[The data]
::::::::::

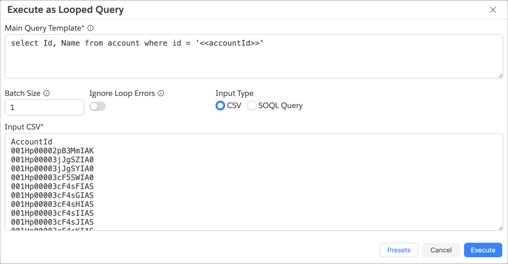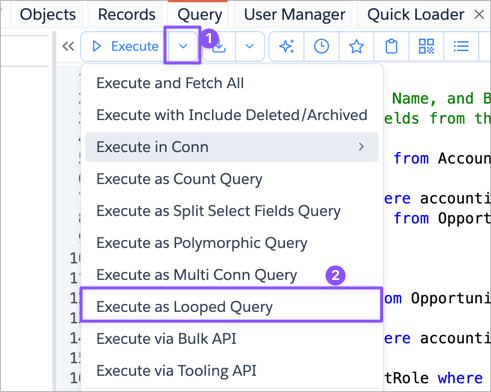 This feature can be invoked by clicking on the dropdown next to Execute button and selecting Execute as Looped Query
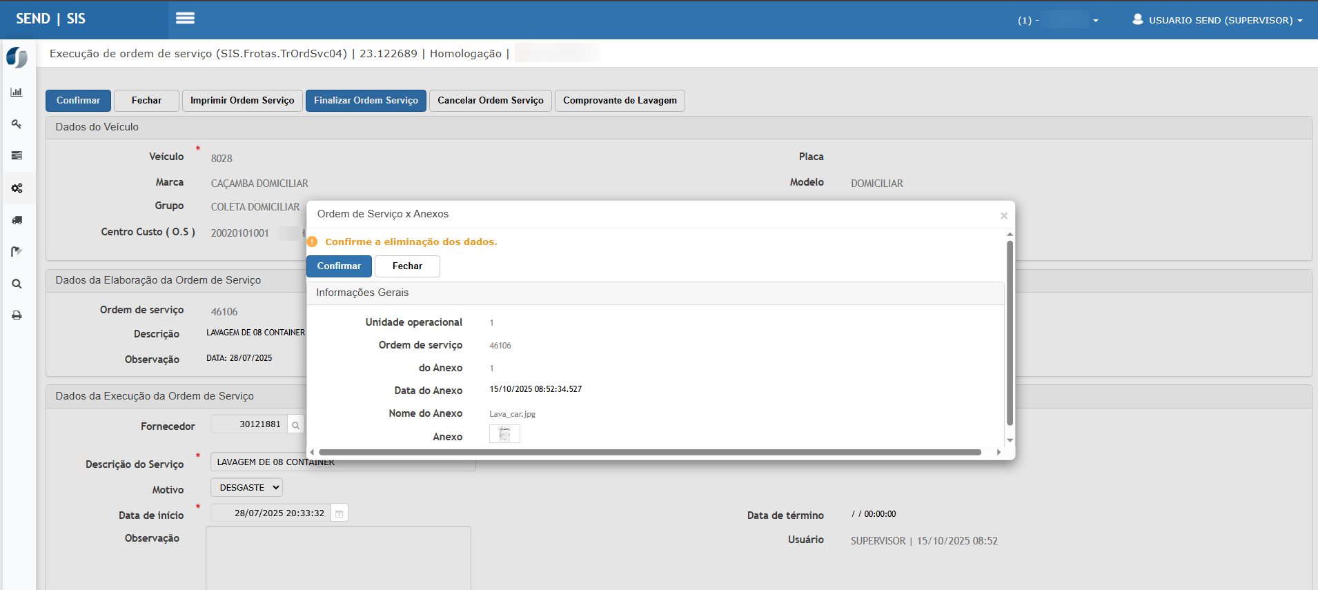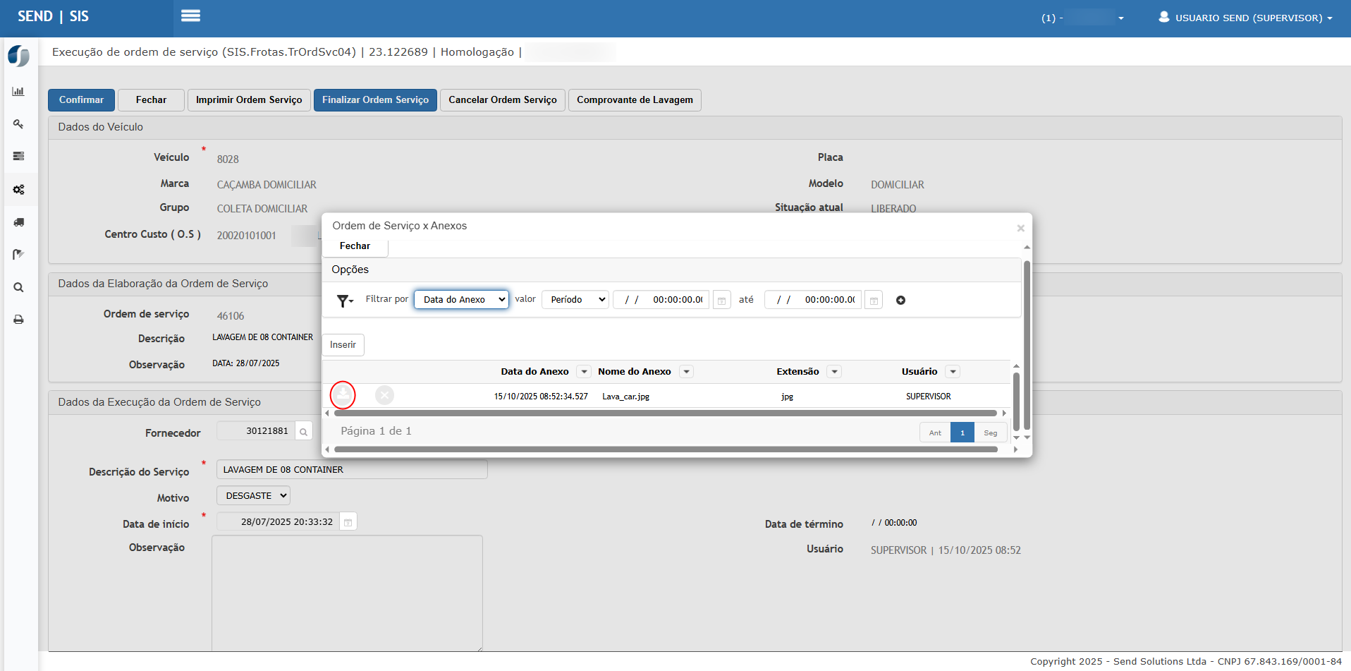 No popup de anexos da OS finalizada, clicar no ícone Excluir (lixeira).
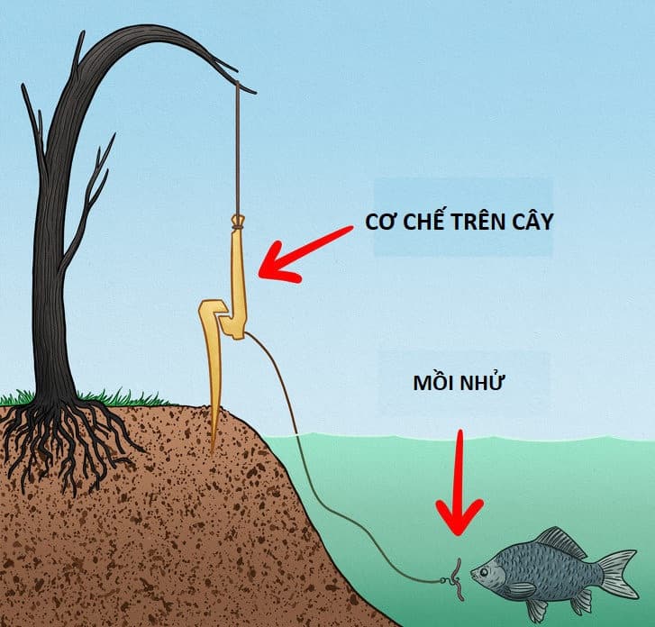 • Hãy tìm một cây nhỏ và gần bờ sông. Sau đó tìm hai nhánh cây khác, đóng một nhánh chặt xuống đất và nhánh còn lại treo lên cành cây đã được bẻ cong.

::::::::::

[Exercise instructions] Give back all of the material exactly, though without the images it contains.

[Result]
 This feature can be invoked by clicking on the dropdown next to Execute button and selecting Execute as Looped Query
 No popup de anexos da OS finalizada, clicar no ícone Excluir (lixeira).
 • Hãy tìm một cây nhỏ và gần bờ sông. Sau đó tìm hai nhánh cây khác, đóng một nhánh chặt xuống đất và nhánh còn lại treo lên cành cây đã được bẻ cong.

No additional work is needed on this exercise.